Sunday, November 18, 2007

Inside the Liberated Zone

As the white Tata Indica, that sturdy child of modern Indian enterprise, crosses a small town called Sukma along Chhattisgarh's state Highway 43, the terrain changes.

Perhaps, the nation too. Rows of forlorn electric poles stand without wires, like stitching needles without thread. Occasional stretches of devastated roads ripped apart by land mines in countless ambushes of police and paramilitary patrols rattle your spine and your calm. Children do not run behind the car; instead, they throw you a quick, tense glance, trying to guess which side you are on.

"Saab," the driver, all concentration, tersely says, "We are inside the Liberated Zone."

State of statelessness
This is the gateway to a land unseen by globalising, booming India, yet only an hour's flight northeast of Mumbai. It is a lush land at the country's heart, sprawling across 10 states. Here, the Indian state no longer exists.

It is from this place that the have-nots of an unevenly prospering nation wage a grim war against the government, armed with weapons mostly stolen from "the enemy", India's security forces, and ideology imported from the China of Mao Tse-Tung, from the 1960s.

There is no talk of modern China, the world's fastest-growing nation. Or of the world's second-fastest growing nation, India. Alongside the local sesame, teak and mahua trees, an extreme doctrine has been sending deep roots into the tribal psyche, especially among the warrior tribes of Madias and Kois. The tribals allege that for decades, the government and its business cronies have carried out a multibillion-rupee trade in local tobacco and firewood, without sharing the spoils with them. So, the government has been shunted out. The state is recruiting boys and girls as young as 15 as special police officers. These armed youngsters patrol the roads.

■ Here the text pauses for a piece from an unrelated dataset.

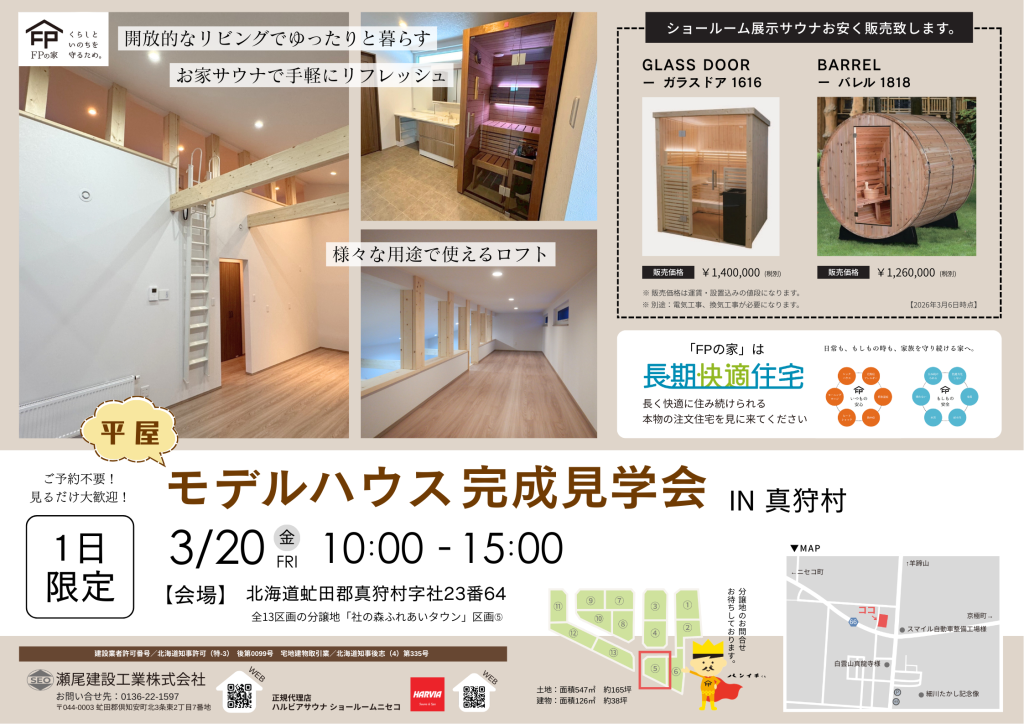 1日限定、モデルハウス完成見学会を開催いたします。ロフト、サウナ、デッキ付平屋住宅。

Every government-run primary school, post office and hospital here has been taken over by Naxalites — the local engines of Maoist revolutionary thought who take their name from a 1967 peasant uprising in Naxalbari, West Bengal. Chhattisgarh is now the Liberated Zone's bloodiest battleground, with 134 policemen killed by Maoist terrorists between this January and October, more than in any other state in India.

Pay up or join up
In Maoist territory, a few rusty hand pumps are the only memories of a fugitive government. The schools, the dams, even the tax system, are run by the Naxalites. Villagers pay with money, or with food, shelter, clothes and medicines. Families who cannot even afford that in this desperately poor area where the monthly per capita income is Rs 200 (40 per cent below the national average) give their men and boys to the revolution as tax.

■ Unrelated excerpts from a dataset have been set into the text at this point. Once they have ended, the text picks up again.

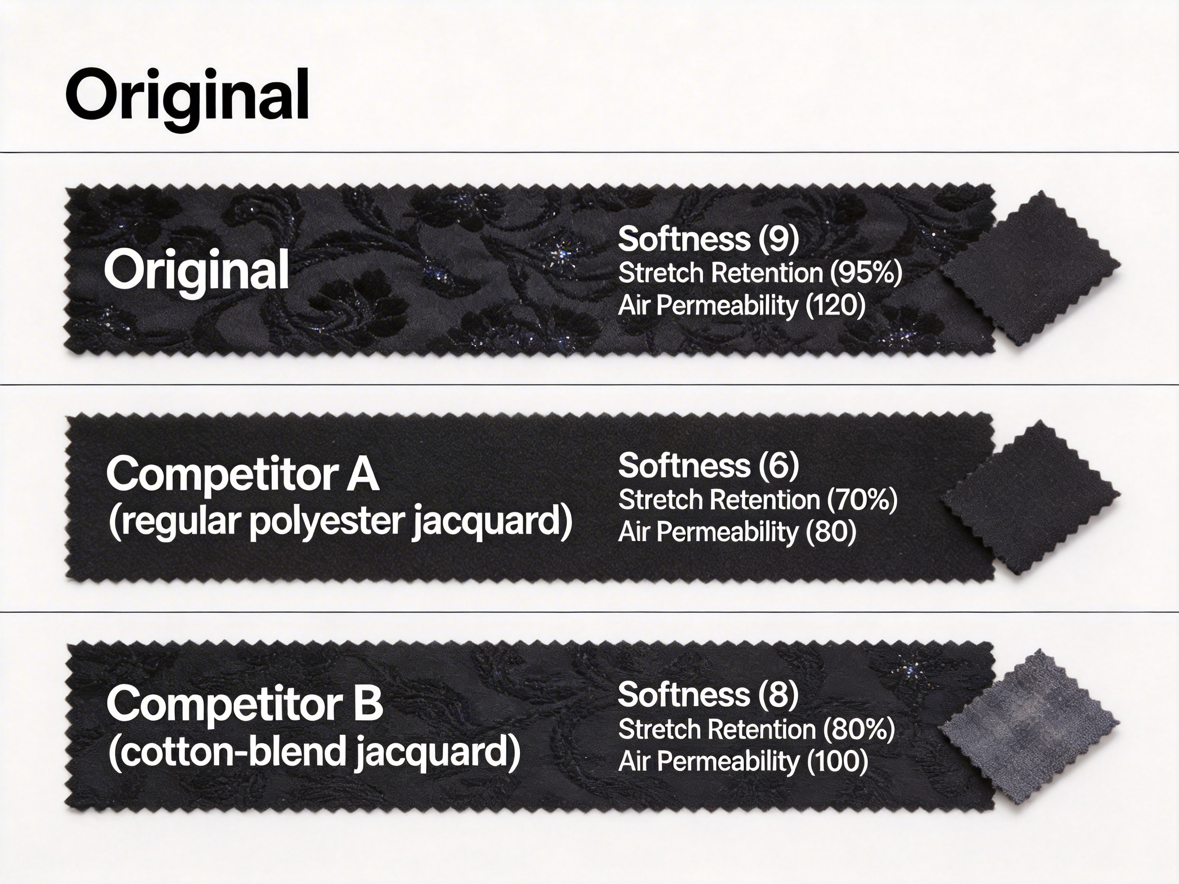 | Feature | Black Slight Intermingled DTY Jacquard Fabric | Regular Polyester Jacquard (Competitor A) | Cotton-Blend Jacquard (Competitor B) |
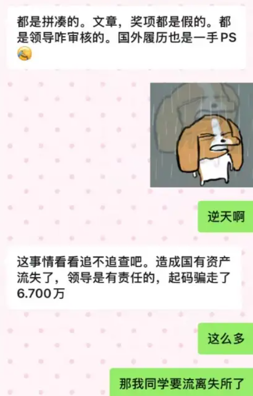 而之前此人在学校的宣传上很牛的,定位是科技领军人,不仅仅投入各种资源,而据该校的同学称,此人还准备参评中科院院士。而且学校给他的地位和待遇都很高,博导,副校长待遇。谁能想到费尽心思招过来的人是个骗子。
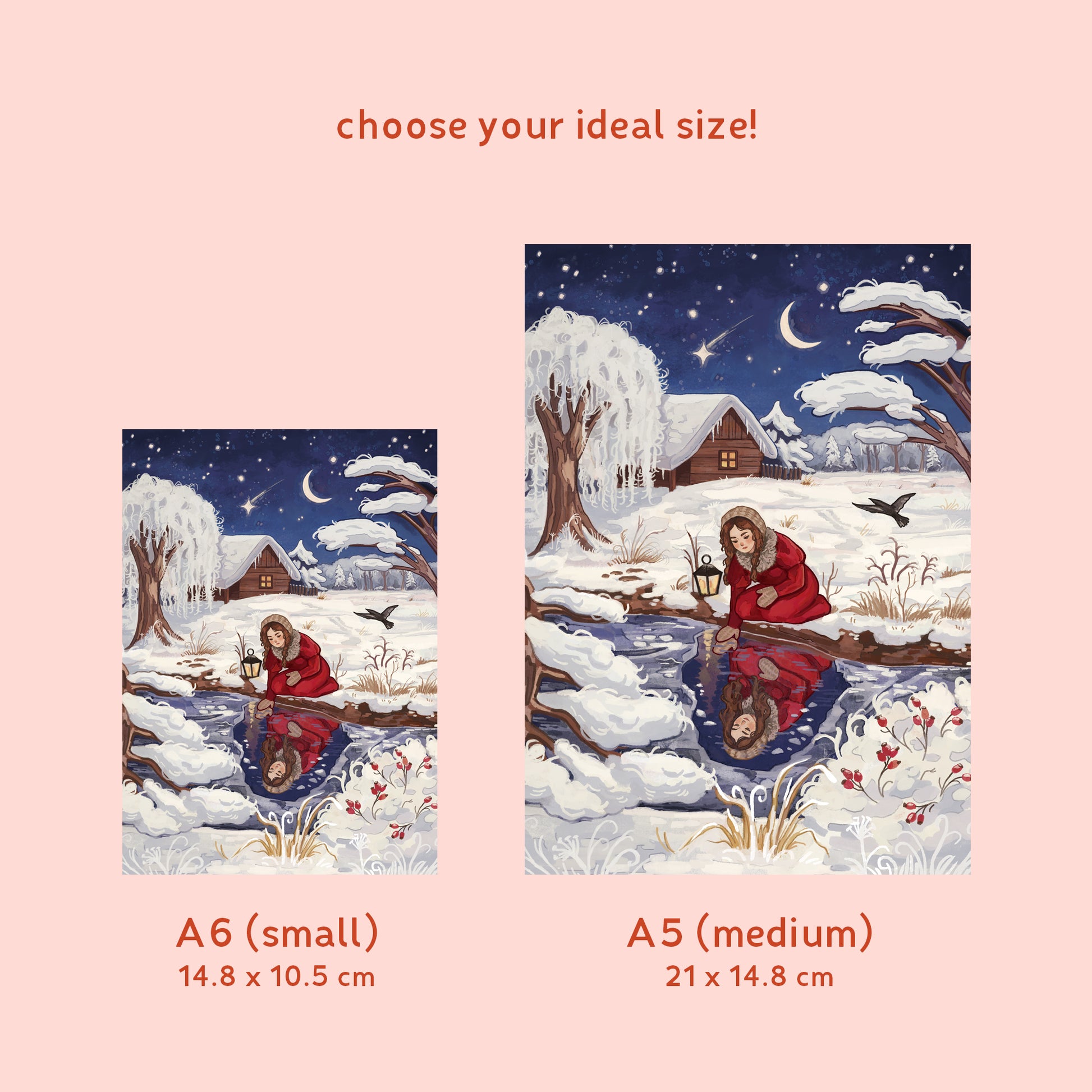 There is a way to tell the future during Christmas Eve:  girls go break the ice on frozen water to look into its depths, believing that they will see their future love there. But what if instead they saw an older version of themselves, who is complete on her own and does not need a man to be so? This illustration is for all the women who have ever had enough of how society emphasizes that a person cannot be fulfilled without romantic love.

"The Maoists told my family we have a choice: either the men join the movement or pay up Rs 500. We were given three chances to pay, in food grains, if not cash," says 19-year-old Pancham Dhulia (name changed) at Kurti, the second of the five relief camps on the 80-km highway from Sukma to Konta where victims of the Maoists or people disgruntled with them live in constant fear of reprisal. "My family could not pay. They handed me over to the movement as tax."

Dhulia deserted his indoctrinators after a while. But those who have not, ensure that your journey from Jagdalpur, 300-odd km from state capital Raipur, to Pamed, where 11 police personnel were ambushed and killed on November 2, is a 20-hour detour through neighbouring Andhra Pradesh.

There is a shorter road through a village called Chintalnar, where security forces have not ventured after 12 policemen, including a highly decorated and admired police officer called Hemant Kumar Singh, were killed on August 29 in an ambush by communist guerrillas on a police station.

This road is heavily littered with Claymore landmines, which first earned their stripes killing thousands in World War II. Relentless sniper fire could make the road even shorter for the casual visitor. Two days after the August 29 ambush, the state DGP's helicopter was fired upon.

The ambushed police station in Bijapur did not particularly want to be the last representative of the Indian state in this area. All other government institutions have withdrawn. "We had asked for its closure," says Rajendar Vij, Inspector-General of Police (Bastar Range). The police station's only link to the outside world was a solar wireless set. There are no telephones here, no cell signal, no electricity. When the Maoists came on November 2, there were desperate requests for help. Armed reinforcements were 200 km away. They were not sent. Officers feared they too would be wiped out.